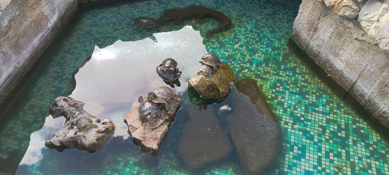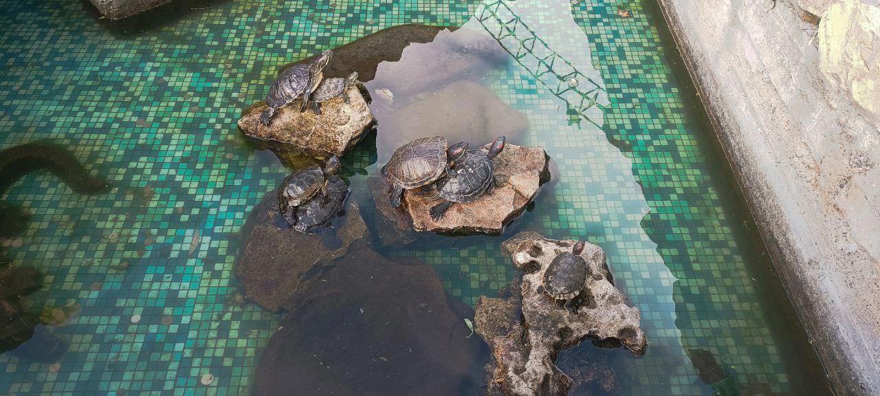 Удивили черепахи. Они обычно плавали или просто лежали на камнях и редко у кого была видна голова при этом. А сегодня они как по команде вытянули шеи и оставались в таком положении неподвижно.
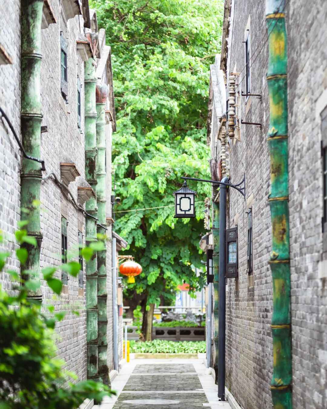 聚龙古村建筑风格独特,融合开平碉楼和西关大屋特色。19幢清代双层青砖别墅按井字型铺成7条街巷,趟龙门、木雕、屏风、青石板路……山水楼台之美竟能在城市中心近赏,置身于鳞次栉比的清代建筑群落,有种时光倒流的交错感。
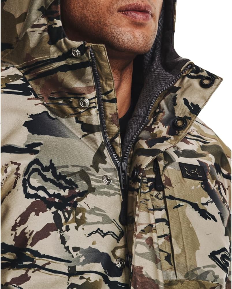 Presenting the Under Armour Men's UA Stormproof ColdGear Infrared Deep Freeze Jacket - an essential item for any man who ventures into the great outdoors, regardless of the weather conditions. This high-performance jacket is designed to keep you warm, dry, and comfortable in even the most severe weather conditions. The jacket's main feature is its revolutionary ColdGear Infrared technology. This unique technology uses a soft, thermo-conductive coating inside the jacket to absorb and retain your own body heat. It keeps you warm without adding any extra weight or bulk, allowing you to remain agile and move freely. This means that even in the bitter cold, you can work out, hike, hunt, or engage in any outdoor activity you choose. The jacket is 100% waterproof with fully taped seams, ensuring that you stay dry in even the heaviest rain or snow. Additionally, the jacket features UA Storm technology, which repels water without sacrificing the breathability of the fabric. This ensures that you stay dry from both outside elements and internal perspiration. Inside, the jacket is lined with a warm waffle fleece, providing additional insulation. The jacket also includes strategic synthetic insulation in the body, sleeves, and hood, providing extra warmth where you need it most. The Men's UA Stormproof ColdGear Infrared Deep Freeze Jacket is also equipped with a variety of features designed for outdoor adventure. The scuba neck hood provides additional coverage and can be adjusted with a bungee cord for a perfect fit. The jacket also has secure zip hand pockets and a chest pocket to keep your essentials safe and within reach. Plus, the jacket is harness-compatible, designed to keep you safe in the treestand. This jacket is available in a range of colors, all featuring a quiet, durable outer fabric that won't give you away to wildlife

REQUIREMENT
Please repeat the listing above word for word, with the pictures removed.

OUTPUT FOR THIS EXERCISE
 Удивили черепахи. Они обычно плавали или просто лежали на камнях и редко у кого была видна голова при этом. А сегодня они как по команде вытянули шеи и оставались в таком положении неподвижно.
 聚龙古村建筑风格独特,融合开平碉楼和西关大屋特色。19幢清代双层青砖别墅按井字型铺成7条街巷,趟龙门、木雕、屏风、青石板路……山水楼台之美竟能在城市中心近赏,置身于鳞次栉比的清代建筑群落,有种时光倒流的交错感。
 Presenting the Under Armour Men's UA Stormproof ColdGear Infrared Deep Freeze Jacket - an essential item for any man who ventures into the great outdoors, regardless of the weather conditions. This high-performance jacket is designed to keep you warm, dry, and comfortable in even the most severe weather conditions. The jacket's main feature is its revolutionary ColdGear Infrared technology. This unique technology uses a soft, thermo-conductive coating inside the jacket to absorb and retain your own body heat. It keeps you warm without adding any extra weight or bulk, allowing you to remain agile and move freely. This means that even in the bitter cold, you can work out, hike, hunt, or engage in any outdoor activity you choose. The jacket is 100% waterproof with fully taped seams, ensuring that you stay dry in even the heaviest rain or snow. Additionally, the jacket features UA Storm technology, which repels water without sacrificing the breathability of the fabric. This ensures that you stay dry from both outside elements and internal perspiration. Inside, the jacket is lined with a warm waffle fleece, providing additional insulation. The jacket also includes strategic synthetic insulation in the body, sleeves, and hood, providing extra warmth where you need it most. The Men's UA Stormproof ColdGear Infrared Deep Freeze Jacket is also equipped with a variety of features designed for outdoor adventure. The scuba neck hood provides additional coverage and can be adjusted with a bungee cord for a perfect fit. The jacket also has secure zip hand pockets and a chest pocket to keep your essentials safe and within reach. Plus, the jacket is harness-compatible, designed to keep you safe in the treestand. This jacket is available in a range of colors, all featuring a quiet, durable outer fabric that won't give you away to wildlife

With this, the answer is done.